Department of Pediatrics, Catholic Medical College, Seoul, Korea.

This study was attempted to reveal the clinical and electroencephalographic findings in children who were experienced febrile convulsion and epilepsy. The subjects were 226 cases, under 15 years of age, who visited with convulsive disorders to the St. Mary's hospital between Jan. 1977 and Aug. 1978. Of these, 45 cases were febrile convulsion and 123 cases were epilepsies. The results were as follows : 1. The major cause of convulsions, in order of frequency, were epilepsy (54.4%), febrile convulsion (19.9%), meningitis and encephalitis (11.5%), cerebral palsy (4.0%), diarrhea (3.1%) and tetany (1.3%). 2. The leading cause of convulsions were different according to age : Before the age of 3, febrile convulsion, meningitis and encephalitis were common cause of convulsions and epilepsy was common after that age. 3. 68.8% of first febrile convulsion observed during the first 2 years of age.
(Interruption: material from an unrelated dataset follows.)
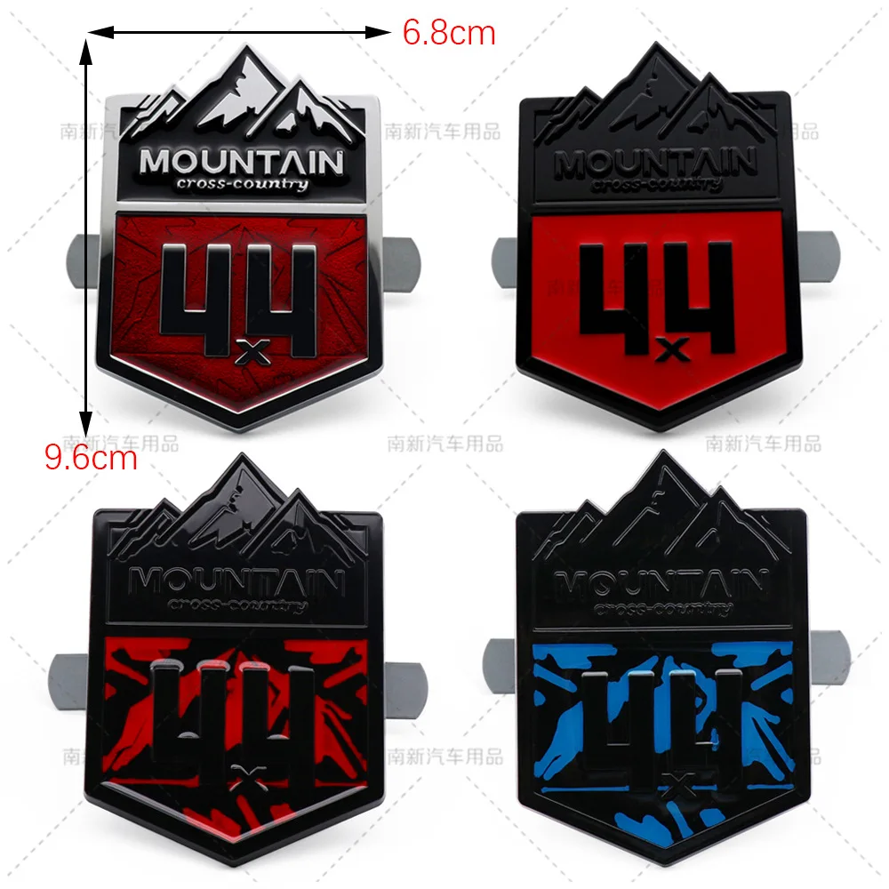 Elevate your Jeep's appearance with this meticulously crafted aluminum alloy badge. Measuring 9.5 cm long, 6.8 cm wide, and 0.5 cm high, it offers a sleek yet durable upgrade suitable for models like Grand Cherokee, Wrangler, Compass, and Patriot. The design features bold mountain graphics, with color variations ranging from classic black to vibrant red and blue backgrounds, each highlighting the iconic “44” in contrasting tones. The top badges display stylish mountain peaks alongside incised “MOUNTAIN” text, adding an adventurous touch, while the lower badges showcase three-dimensional raised numbers for a striking visual. The flat gray mounting tab ensures easy installation, making this emblem perfect for outdoor enthusiasts seeking a rugged aesthetic and reliable performance. Crafted to ISO 9001 standards, this badge combines style and durability effortlessly.
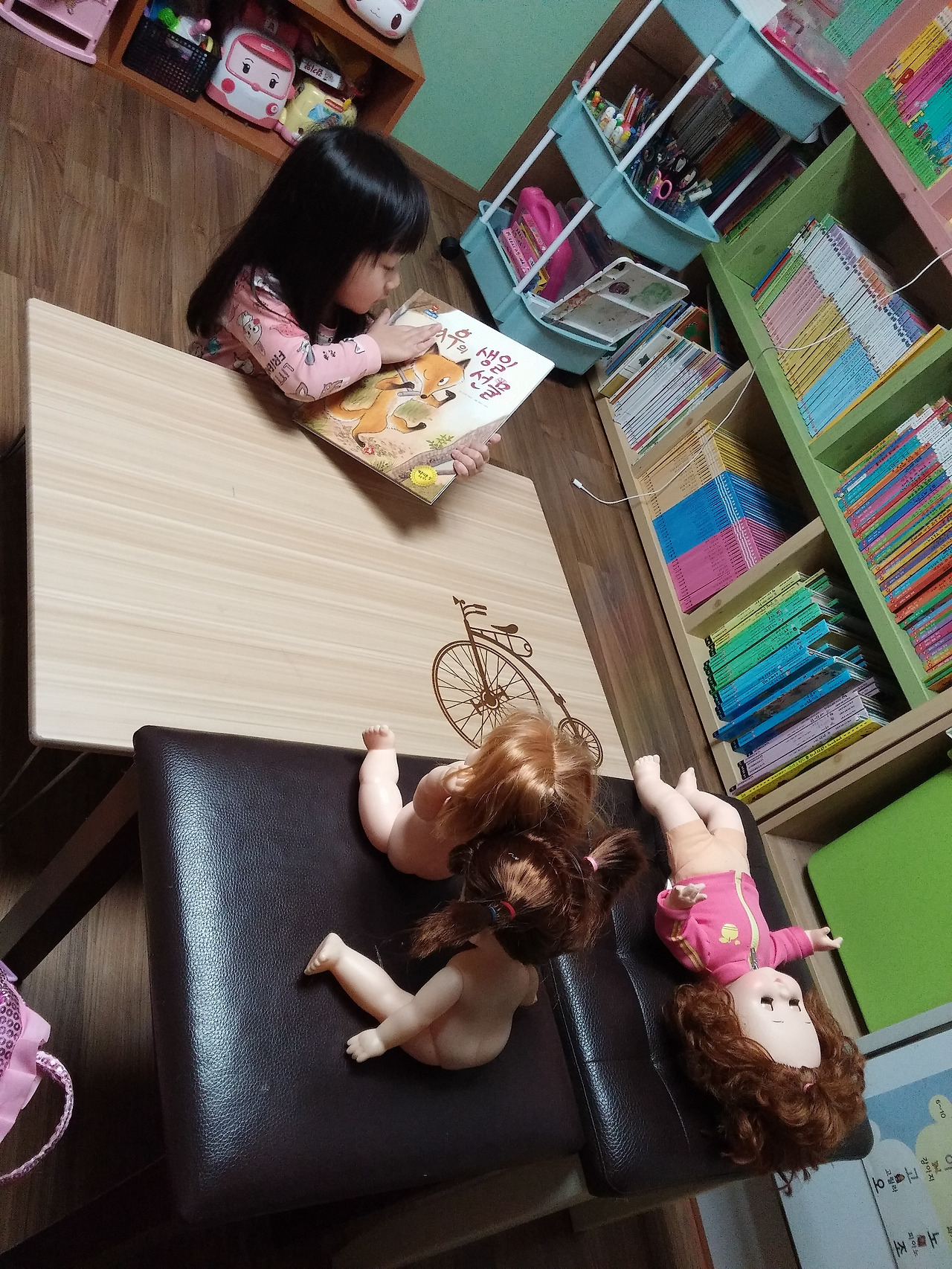 오늘은 인형 아이들에게 책을 읽어 준다며

Male to female ratio was 3:2. 4. The EEG findings, of 24 cases with reccurent febrile convulsions, were normal in 29.9%, borderline in 8.3% and abnormal in 62.5% of them. The incidence of abnormal EEG findings were more frequent in the older children than in the younger ones : Of the 10 cases less than 3 years old, the chance of abnormal EEG findings was noted in 2 cases, compared to 13 cases of 14 cases more than 3 years old. This result suggest that the incidence of abnormal EEG in reccurent febrile convulsion seems to be correlated with the preexisting numbers of convulsive attacks. The findings of abnormal EEG were sporadic spike (40.0%), high voltage slow wave (20.0%), multiple spike (20.0%), slow wave dysrhythmia (13.3%) and spike and wave complex (6.7%). 5. The clinical type of epilepsies, in order of frequency, were grand mal (45.5%), minor motor seizure (17.1%), focal seizure (9.8%), petit mal absence (8.1%) and psychomotor seizure (4.9%). The major abnormal EEG finding in grand mal and focal seizure was asymmetric and focal slow wave, and it was found in 33.9% and 58.3% of their traces respectively. In psychomotor seizure, spike or sharp wave was noted in 66.7%, and in petit mal absence and minor seizure, spike and wave complex were noted 100.0% and 33.3% of them.